Brown is now looking at further implications of the alarm pheromone, especially how it is affected by acid rain situations. Early studies have indicated that minnows in low pH situations (a result of acid rain) do not respond at all to the alarm pheromone, but those same minnows respond appropriately when the pH is raised to a normal level. This could be one reason acid rain is having such a detrimental effect on our ecosystems.

“Minnows and dace and darters and all of the fish that have this signal seem to be unable to respond to the presence of that signal in acid rain situations,” Brown says. When these fish do not respond to this chemical cue, the likelihood that they will die increases dramatically — something that affects the entire food chain. “It could have a considerable ecological impact,” he says.

Brown is conducting further study in the field, collecting fish from acidified lakes in the Adirondacks and testing their responses to the alarm pheromone. When his studies are complete, they could provide a valuable clue as to how fish are harmed by acid rain and how “dead” lakes evolve.
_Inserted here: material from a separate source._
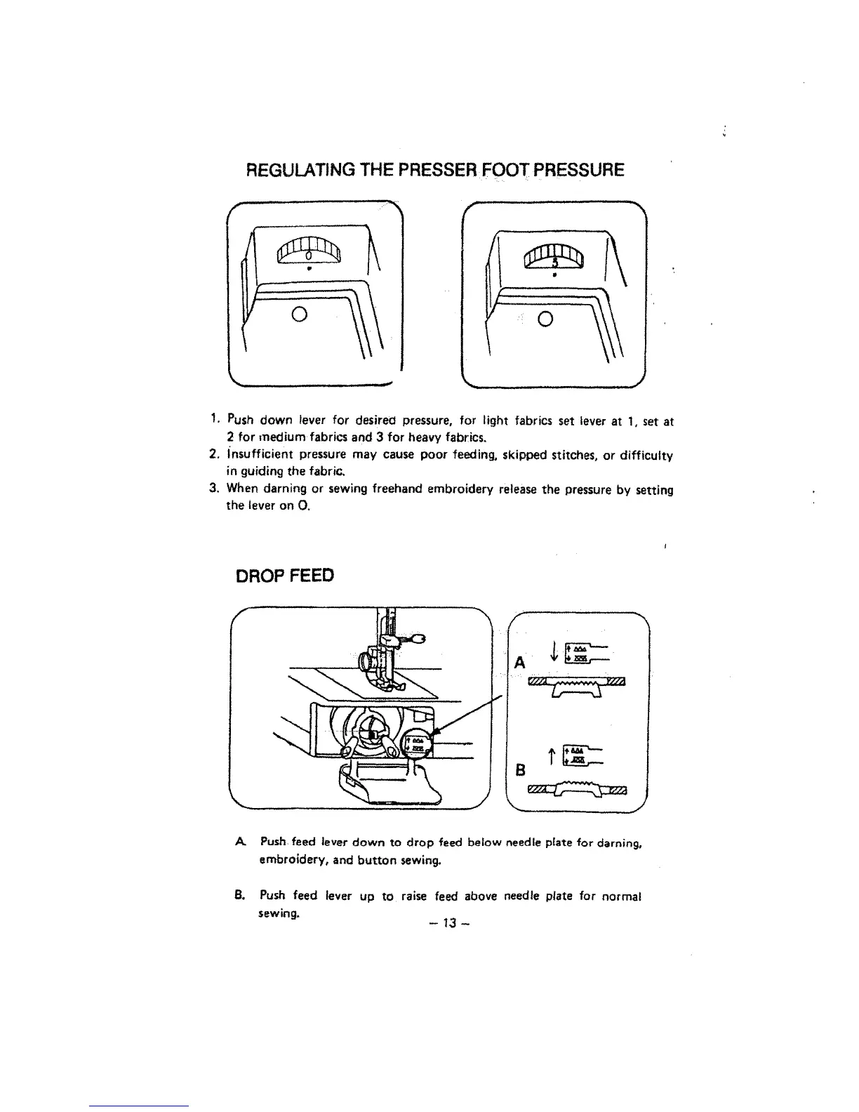 White 312 - REGULATING PRESSER FOOT PRESSURE; DROP FEED MECHANISM OPERATION

Brown plans to continue his research in pinpointing the molecular structure of the alarm pheromone and to expand his studies into how other species of fish respond to the alarm pheromones. His findings have begun to attract attention in the fishing community, and the Washington State Fish and Wildlife Department plans to test his conditioning system for coho salmon in hatcheries. Improving the chances for juveniles could substantially increase the number of sport salmon catches in the state, now about a half million a year.

But the impact will go far beyond recreational fishermen. If Brown's conditioning system proves successful, we all could be eating more fish — and many of those fishing stories we hear could turn out to be a lot closer to the truth.